Wenn es berechtigt sein kann, die Phalanx der Forma­tionen beim EC als stell­ver­tretend für aktuelle Trends in der Spitze der Laien­chor­szene Europas zu nehmen, steht das Genre vor einer disrup­tiven, aufre­genden Entwicklung. Jeder Chor für sich und jeder Chor auf seine spezi­fische Weise hat  sich auf den Weg gemacht, einen neuen Kosmos seiner selbst, eine eigene innovative Handschrift, eine singuläre Auffassung in der musika­li­schen Vermittlung und eine ernst­hafte Selbst­ver­pflichtung in den Ansprüchen an sich und die Gruppe zu entwi­ckeln. Folgt man der Semantik Rutters, mündet die neue Corporate Identity des Chorsingens im alles überra­genden Begriff der Kommu­ni­kation. Beim EC dieses Jahres gibt es keine Formation, die stock­steif auf der Stelle steht. Die Sänge­rinnen des Frauen­chores Volve Vokal aus Norwegen stürzen gar im Finale ihres Auftritts drama­tur­gisch verblüffend auf den Bühnen­boden. Almakalia aus Belgien stellt sich in Outfits vor, die so fragmen­tiert sind wie ihr Heimatland.

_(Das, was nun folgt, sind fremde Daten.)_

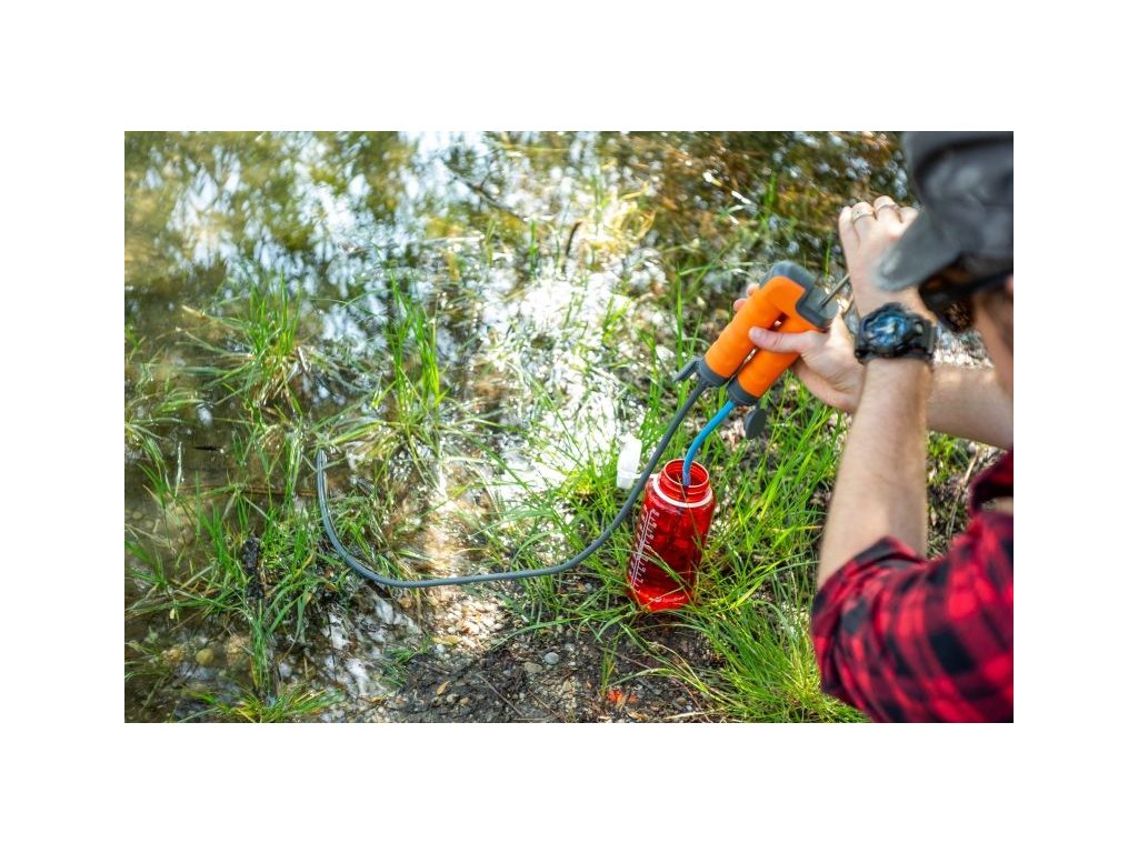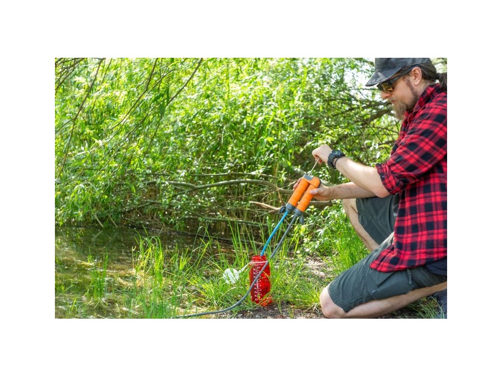 Renovo Water MUV Backcountry Pump Package egy moduláris vízszűrő pumpával, amelyet nagyobb mennyiségű víz hatékony tisztítására terveztek közvetlenül a terepen. Ez a rendszer ideális családok, csoportok vagy cserkészek számára, akiknek gyorsan kell biztonságos vizet szerezniük természetes forrásokból. A szűrők kombinációjának köszönhetően képes eltávolítani a vegyi anyagokat, nehézfémeket, baktériumokat, eColi-t, Giardia-t, Cryptosporidiumot, cisztákat és egyéb káros anyagokat. A szűrők igény szerint kombinálhatók, ami rugalmasságot biztosít különböző körülmények és vízforrások esetén. Kiváló választás kempingezéshez, túrázáshoz, túléléshez, vészhelyzetekhez és utazáshoz bizonytalan ivóvízforrású területekre.

Die erst im vergan­genen Jahr gegründete Schweizer Gruppe Cake O’Phonie inter­pre­tiert ihre vokale Reise durch die Berge des Alpen­landes in fünf Sprachen respektive dem Dialekt ihres Heimat­ortes Fribourg. Jazzva wirbelt in Arran­ge­ments über die Bühne, die schlicht atembe­raubend sind. Passa­gen­weise intoniert oder paraphra­siert jeder der sieben einzelnen Akteure just in time eine unter­schied­liche Note.

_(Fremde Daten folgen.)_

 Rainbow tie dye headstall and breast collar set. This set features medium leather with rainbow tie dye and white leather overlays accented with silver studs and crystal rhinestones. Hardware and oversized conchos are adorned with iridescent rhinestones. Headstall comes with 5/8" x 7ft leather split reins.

Der EC hat auch dank der hochpro­fes­sio­nellen Produktion des SVT, zieht man eine vorläufige Bilanz, seine Bewährung bestanden. Stand die Premiere in Riga 2017 noch im Zeichen einer deutlichen Zurück­haltung der damals neun betei­ligten TV-Anstalten, lässt sich zwei Jahre später ein stärkeres Engagement der Sender beobachten. So räumt beispiels­weise das WDR-Fernsehen diesmal die Primetime am Sonnabend für das Spektakel frei, das den ersten Wettbewerb 2017 noch um eine Woche zeitver­setzt in aller Herrgotts­frühe ausge­strahlt hatte. Heute spricht Fernseh­kul­turchef Matthias Kremin von einer „gern übernom­menen Verpflichtung, jetzt mit der Übertragung aus Göteborg einem deutsch­land­weiten Publikum zu zeigen, was Laien­chöre zu leisten imstande sind.“

Wie in seinen Anfängen der „große Bruder“ in der Eurovision-Event­fa­milie, der Eurovision Song Contest (ESC), ist der EC in der Pionier­phase auf Evalu­ierung, auch auf Erprobung angelegt. Das wird sich gerade dann zeigen, wenn die Reich­weiten und Einschalt­quoten aus den betei­ligten TV-Märkten noch nicht das Potential aufzeigen werden, das angesichts der nach Millionen zählenden Chorcom­munity in Europa möglich ist. Mit dem Einzug einer zweiten Runde in die Ablauf­dra­ma­turgie ist ein Stück Experiment bereits erfolgt. Weitere Neuerungen sollten gewagt werden. Ob eine Erwei­terung der Zahl der Chöre und damit der invol­vierten TV-Anstalten und Länder auf etwa 15 oder gar 18 zielführend sein kann? Zumindest dürfte das solange fraglich sein, solange an der Vorgabe eines 100 Minuten-Formats festge­halten werden soll. Ob wie beim ESC nationale Vorent­scheide das gesamte Unter­fangen europaweit beleben könnten? Würde die Einbindung des TV-Publikums in Vorent­scheide wie Final­runde den öffent­lichen Fokus auf den EC signi­fikant erhöhen? Vorent­scheide und Voting des Publikums indes würden das derzeit überschaubare TV-Budget des EC jeden­falls kräftig ausweiten.

Für all diese Fragen zeigt sich EBU-Direktor Jon Ola Sand, selbst ernannter Entwick­lungs­helfer des EC, aufge­schlossen. „Singen ist gut für die Seele“, weiß Sand. Und die EBU fördere Projekte mit dem Ziel, „möglichst viele Menschen für das Mitmachen zu begeistern“.